(Data entries)
*-*-*

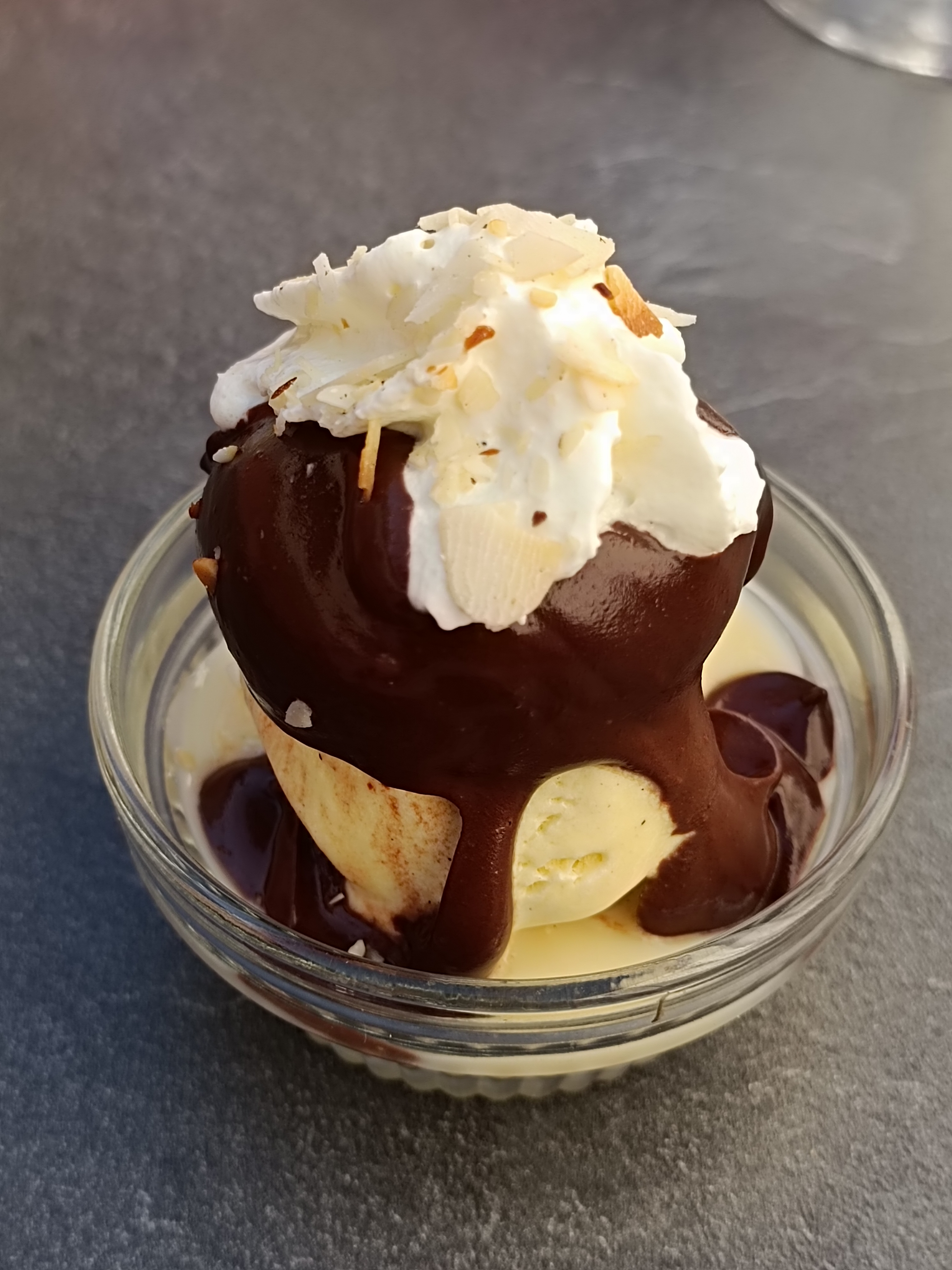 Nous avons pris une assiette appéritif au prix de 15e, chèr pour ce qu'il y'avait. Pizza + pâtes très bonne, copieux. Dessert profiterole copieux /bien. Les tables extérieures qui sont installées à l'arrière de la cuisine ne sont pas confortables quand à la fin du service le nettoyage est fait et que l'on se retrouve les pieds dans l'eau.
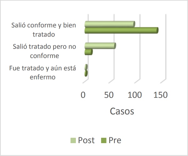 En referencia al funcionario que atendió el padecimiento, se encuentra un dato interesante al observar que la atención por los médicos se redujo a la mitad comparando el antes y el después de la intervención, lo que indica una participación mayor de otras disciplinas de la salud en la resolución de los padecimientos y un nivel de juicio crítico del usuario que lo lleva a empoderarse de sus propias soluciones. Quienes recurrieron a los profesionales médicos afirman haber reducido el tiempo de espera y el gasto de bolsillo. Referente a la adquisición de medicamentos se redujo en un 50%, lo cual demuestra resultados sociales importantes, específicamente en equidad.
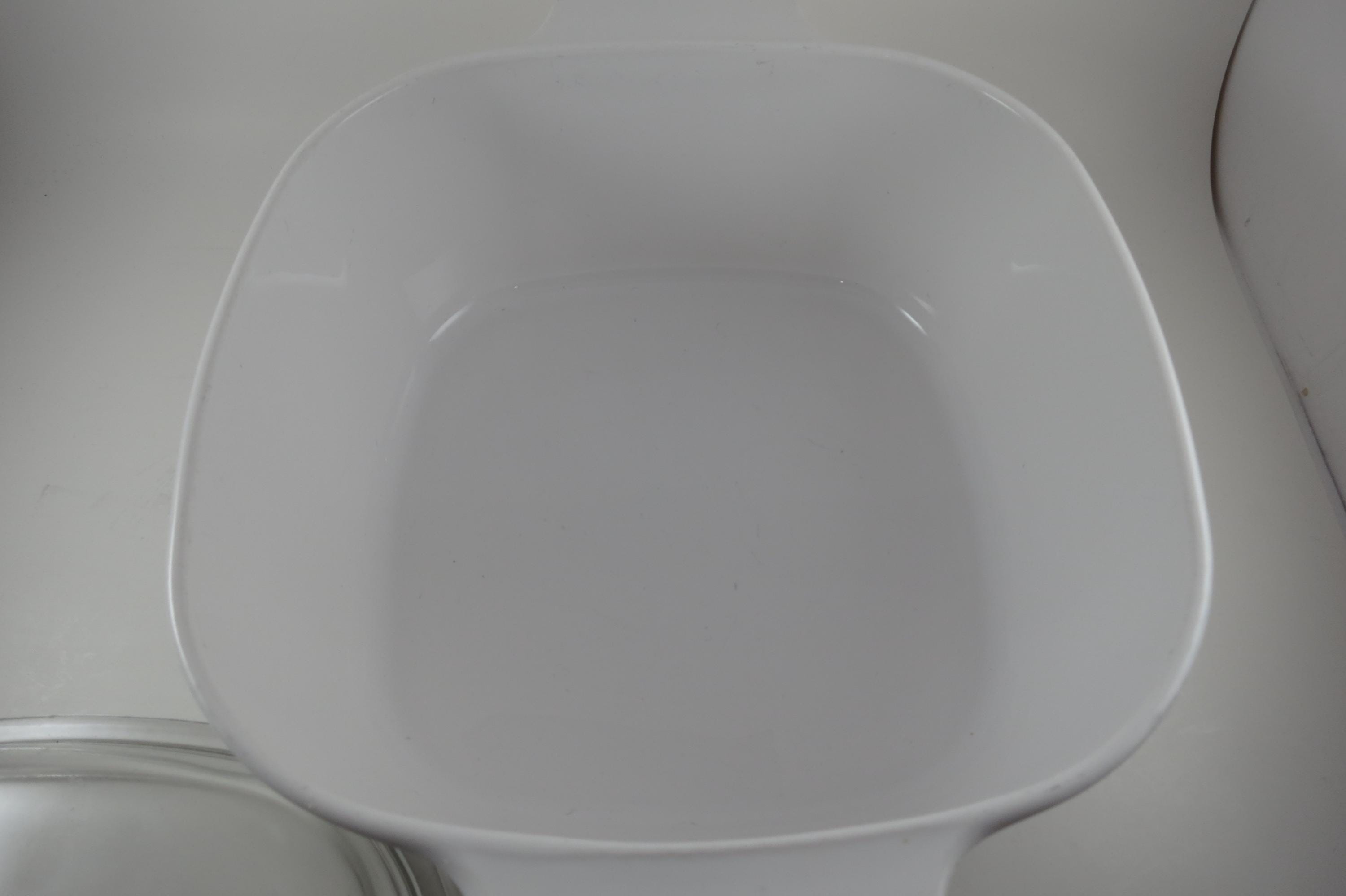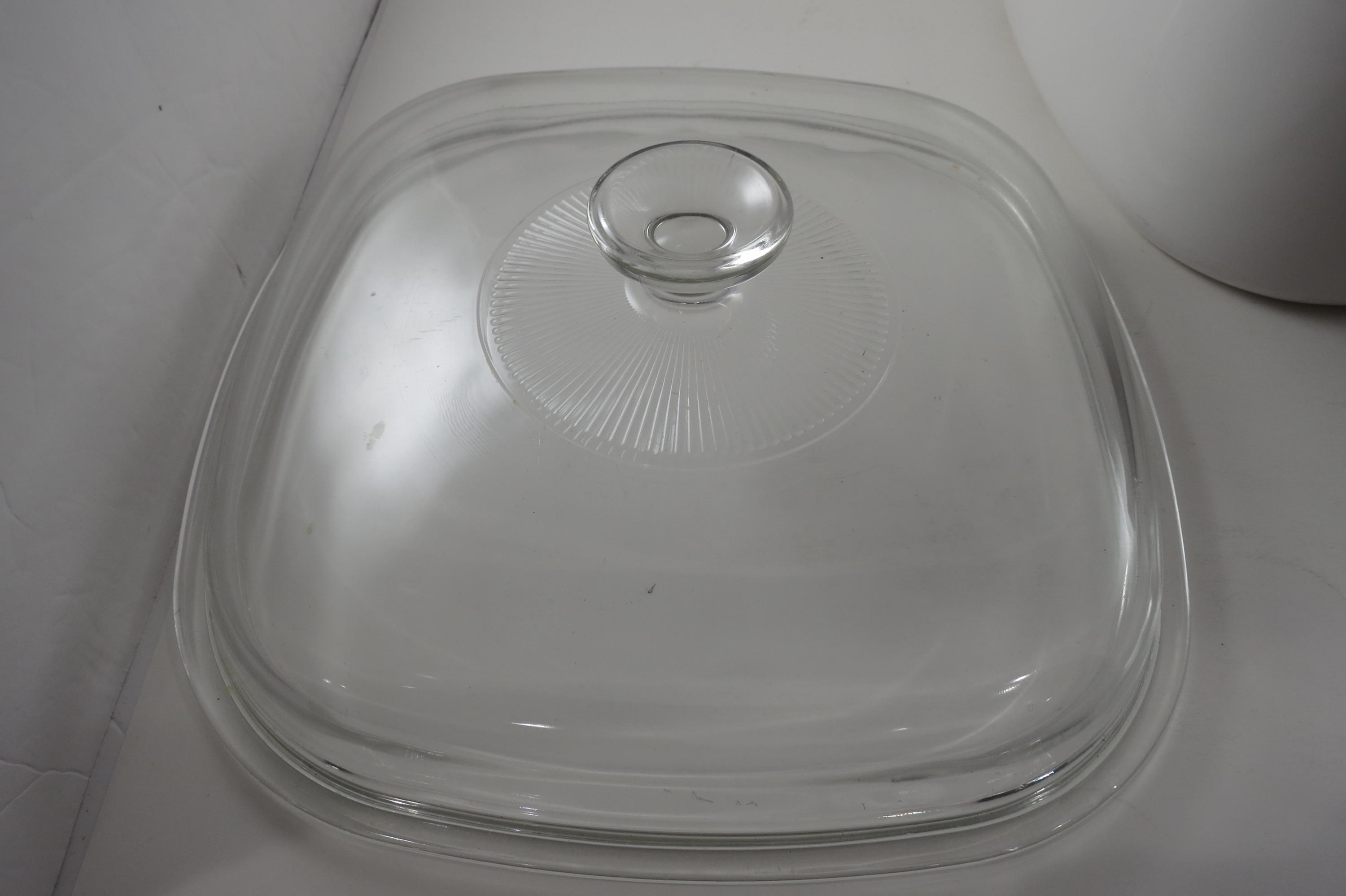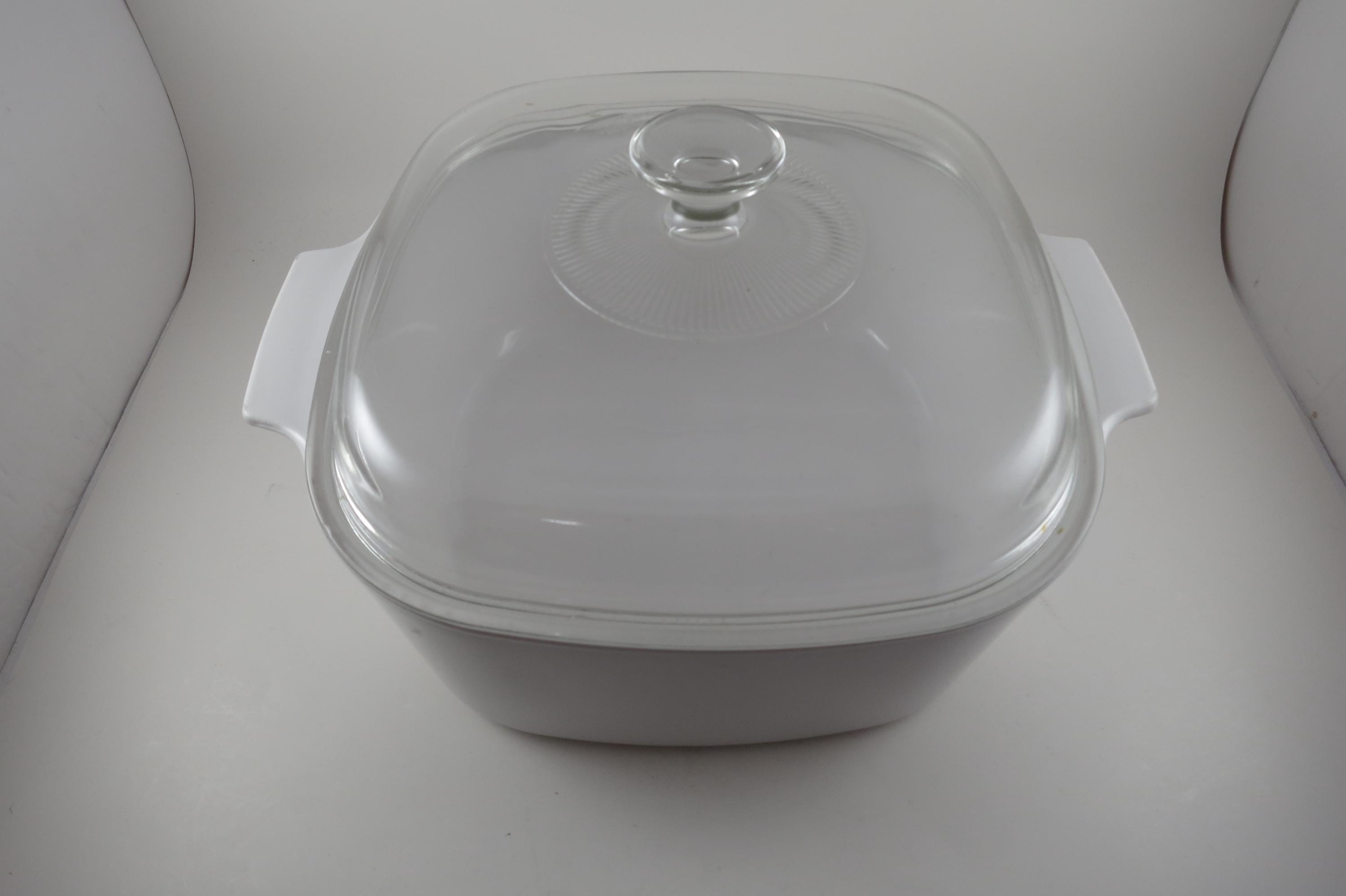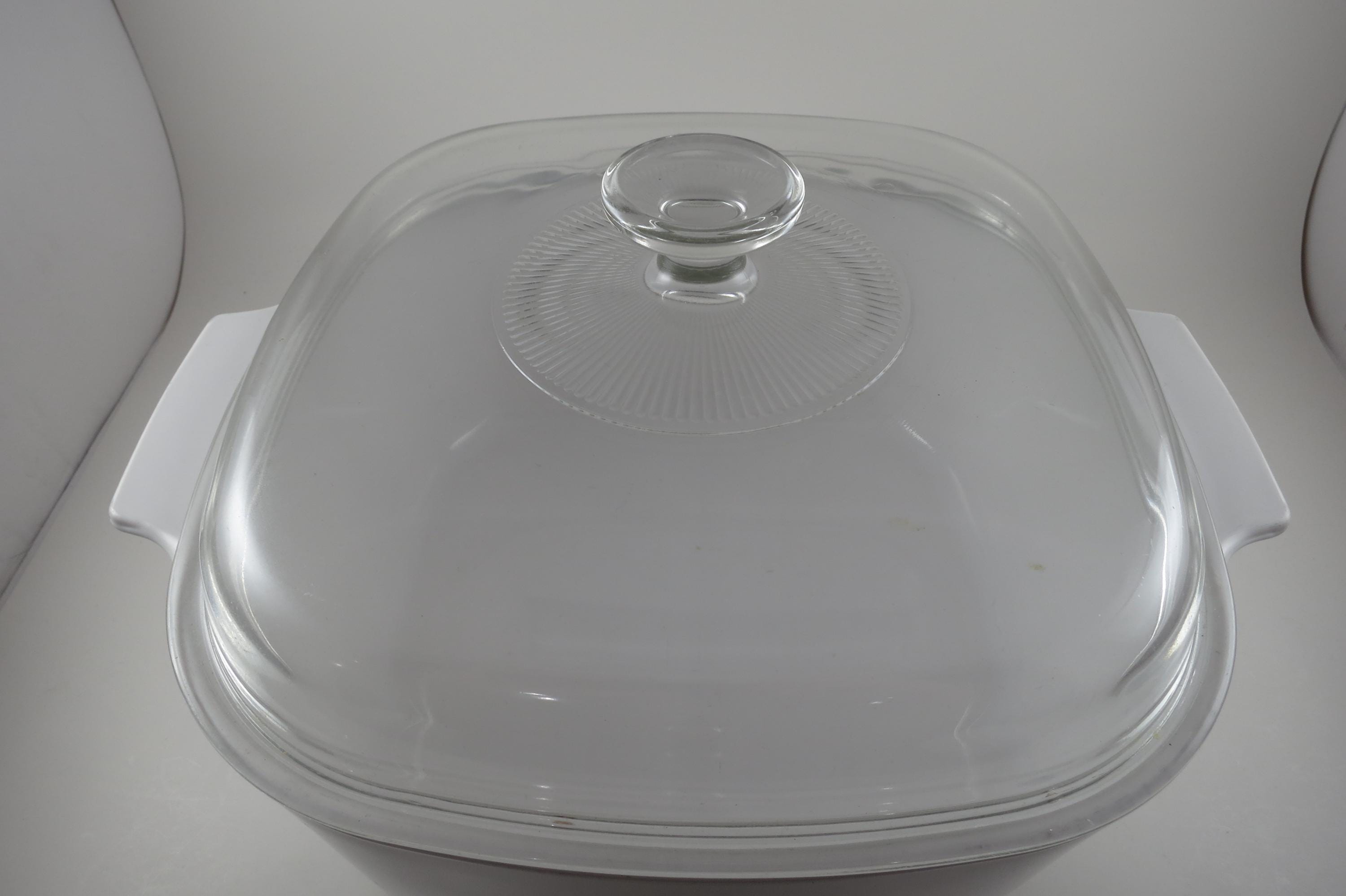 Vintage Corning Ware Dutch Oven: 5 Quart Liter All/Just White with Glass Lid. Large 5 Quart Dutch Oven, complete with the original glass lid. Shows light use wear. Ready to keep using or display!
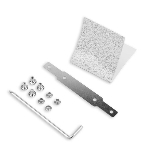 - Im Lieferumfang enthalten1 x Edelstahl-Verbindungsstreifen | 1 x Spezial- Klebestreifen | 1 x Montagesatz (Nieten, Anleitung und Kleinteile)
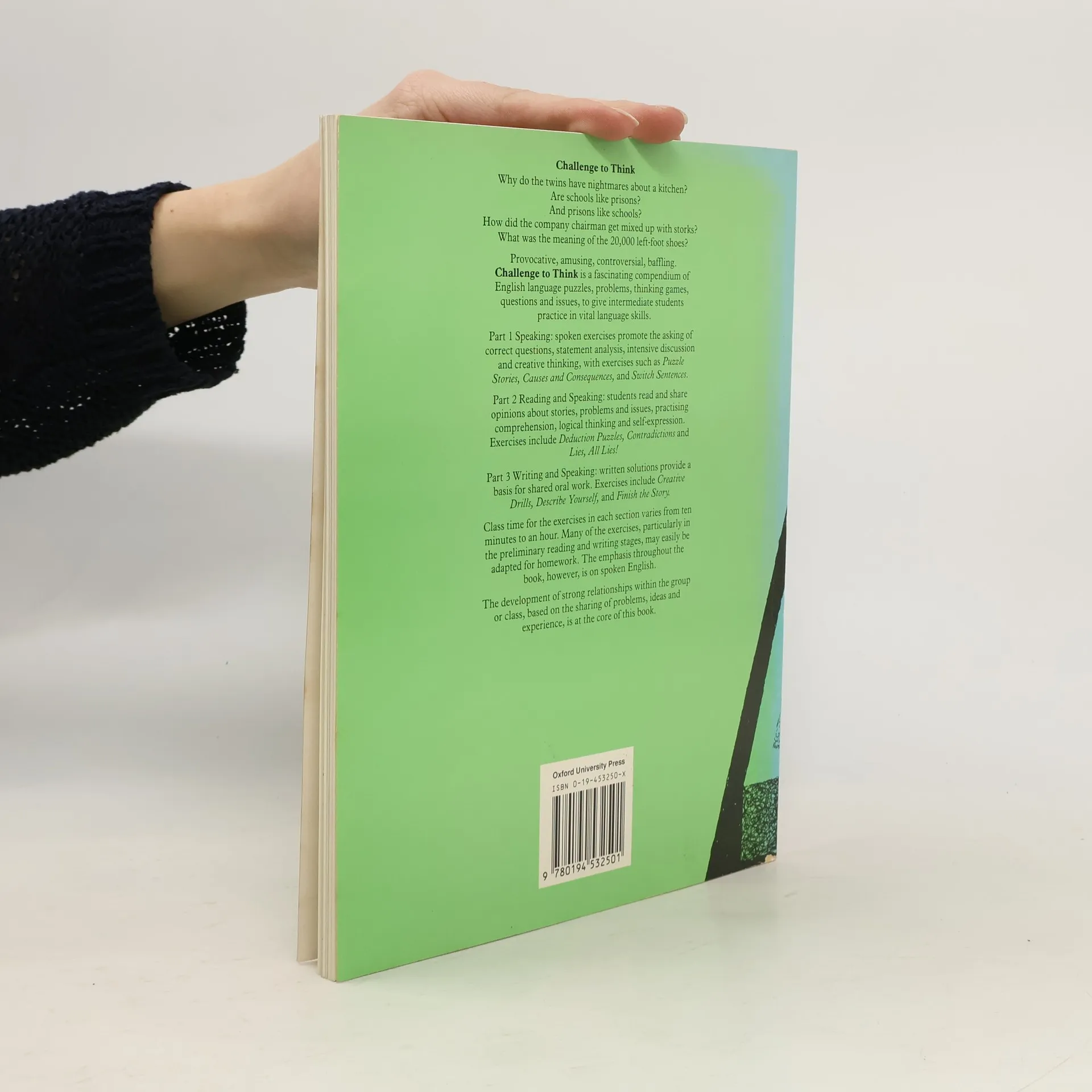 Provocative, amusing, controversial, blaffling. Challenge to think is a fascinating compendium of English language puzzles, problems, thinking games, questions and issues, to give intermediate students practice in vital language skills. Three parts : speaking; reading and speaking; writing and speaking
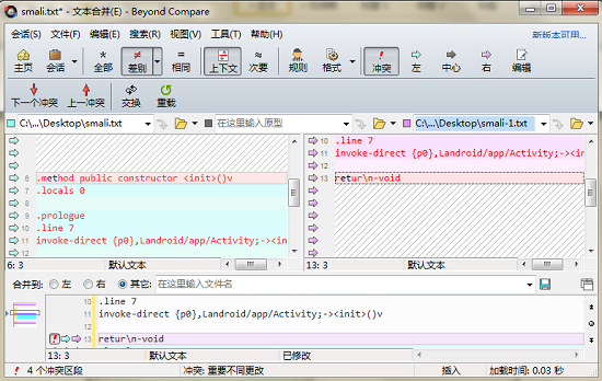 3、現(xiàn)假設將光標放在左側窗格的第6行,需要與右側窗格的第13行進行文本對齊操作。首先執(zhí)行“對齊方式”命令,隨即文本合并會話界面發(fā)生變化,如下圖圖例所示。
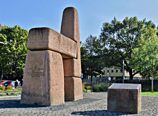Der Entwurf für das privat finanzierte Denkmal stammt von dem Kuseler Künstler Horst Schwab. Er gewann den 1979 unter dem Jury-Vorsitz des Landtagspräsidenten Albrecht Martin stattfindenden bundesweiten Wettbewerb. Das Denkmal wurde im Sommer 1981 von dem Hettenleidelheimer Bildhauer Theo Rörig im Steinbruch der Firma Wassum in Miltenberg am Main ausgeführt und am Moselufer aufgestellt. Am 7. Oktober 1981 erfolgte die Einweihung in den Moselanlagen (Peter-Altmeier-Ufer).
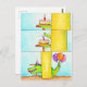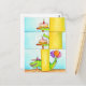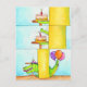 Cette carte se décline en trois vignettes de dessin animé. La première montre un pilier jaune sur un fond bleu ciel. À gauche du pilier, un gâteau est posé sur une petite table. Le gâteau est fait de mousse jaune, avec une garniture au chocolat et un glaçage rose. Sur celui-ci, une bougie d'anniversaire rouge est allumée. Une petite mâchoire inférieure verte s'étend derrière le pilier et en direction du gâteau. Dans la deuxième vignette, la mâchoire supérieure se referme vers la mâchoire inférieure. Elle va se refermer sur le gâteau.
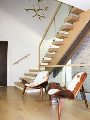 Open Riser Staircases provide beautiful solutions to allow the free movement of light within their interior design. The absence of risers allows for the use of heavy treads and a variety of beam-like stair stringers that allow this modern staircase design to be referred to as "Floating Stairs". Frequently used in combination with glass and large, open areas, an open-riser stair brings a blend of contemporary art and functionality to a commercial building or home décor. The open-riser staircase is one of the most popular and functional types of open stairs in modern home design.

*-*-*

> _TASK PROMPT_: Reproduce each line of the records exactly, omitting any picture.

> _EXERCISE RESPONSE_:
 Nous avons pris une assiette appéritif au prix de 15e, chèr pour ce qu'il y'avait. Pizza + pâtes très bonne, copieux. Dessert profiterole copieux /bien. Les tables extérieures qui sont installées à l'arrière de la cuisine ne sont pas confortables quand à la fin du service le nettoyage est fait et que l'on se retrouve les pieds dans l'eau.
 En referencia al funcionario que atendió el padecimiento, se encuentra un dato interesante al observar que la atención por los médicos se redujo a la mitad comparando el antes y el después de la intervención, lo que indica una participación mayor de otras disciplinas de la salud en la resolución de los padecimientos y un nivel de juicio crítico del usuario que lo lleva a empoderarse de sus propias soluciones. Quienes recurrieron a los profesionales médicos afirman haber reducido el tiempo de espera y el gasto de bolsillo. Referente a la adquisición de medicamentos se redujo en un 50%, lo cual demuestra resultados sociales importantes, específicamente en equidad.
 Vintage Corning Ware Dutch Oven: 5 Quart Liter All/Just White with Glass Lid. Large 5 Quart Dutch Oven, complete with the original glass lid. Shows light use wear. Ready to keep using or display!
 - Im Lieferumfang enthalten1 x Edelstahl-Verbindungsstreifen | 1 x Spezial- Klebestreifen | 1 x Montagesatz (Nieten, Anleitung und Kleinteile)
 Provocative, amusing, controversial, blaffling. Challenge to think is a fascinating compendium of English language puzzles, problems, thinking games, questions and issues, to give intermediate students practice in vital language skills. Three parts : speaking; reading and speaking; writing and speaking
 3、現(xiàn)假設將光標放在左側窗格的第6行,需要與右側窗格的第13行進行文本對齊操作。首先執(zhí)行“對齊方式”命令,隨即文本合并會話界面發(fā)生變化,如下圖圖例所示。
Der Entwurf für das privat finanzierte Denkmal stammt von dem Kuseler Künstler Horst Schwab. Er gewann den 1979 unter dem Jury-Vorsitz des Landtagspräsidenten Albrecht Martin stattfindenden bundesweiten Wettbewerb. Das Denkmal wurde im Sommer 1981 von dem Hettenleidelheimer Bildhauer Theo Rörig im Steinbruch der Firma Wassum in Miltenberg am Main ausgeführt und am Moselufer aufgestellt. Am 7. Oktober 1981 erfolgte die Einweihung in den Moselanlagen (Peter-Altmeier-Ufer).
 Cette carte se décline en trois vignettes de dessin animé. La première montre un pilier jaune sur un fond bleu ciel. À gauche du pilier, un gâteau est posé sur une petite table. Le gâteau est fait de mousse jaune, avec une garniture au chocolat et un glaçage rose. Sur celui-ci, une bougie d'anniversaire rouge est allumée. Une petite mâchoire inférieure verte s'étend derrière le pilier et en direction du gâteau. Dans la deuxième vignette, la mâchoire supérieure se referme vers la mâchoire inférieure. Elle va se refermer sur le gâteau.
 Open Riser Staircases provide beautiful solutions to allow the free movement of light within their interior design. The absence of risers allows for the use of heavy treads and a variety of beam-like stair stringers that allow this modern staircase design to be referred to as "Floating Stairs". Frequently used in combination with glass and large, open areas, an open-riser stair brings a blend of contemporary art and functionality to a commercial building or home décor. The open-riser staircase is one of the most popular and functional types of open stairs in modern home design.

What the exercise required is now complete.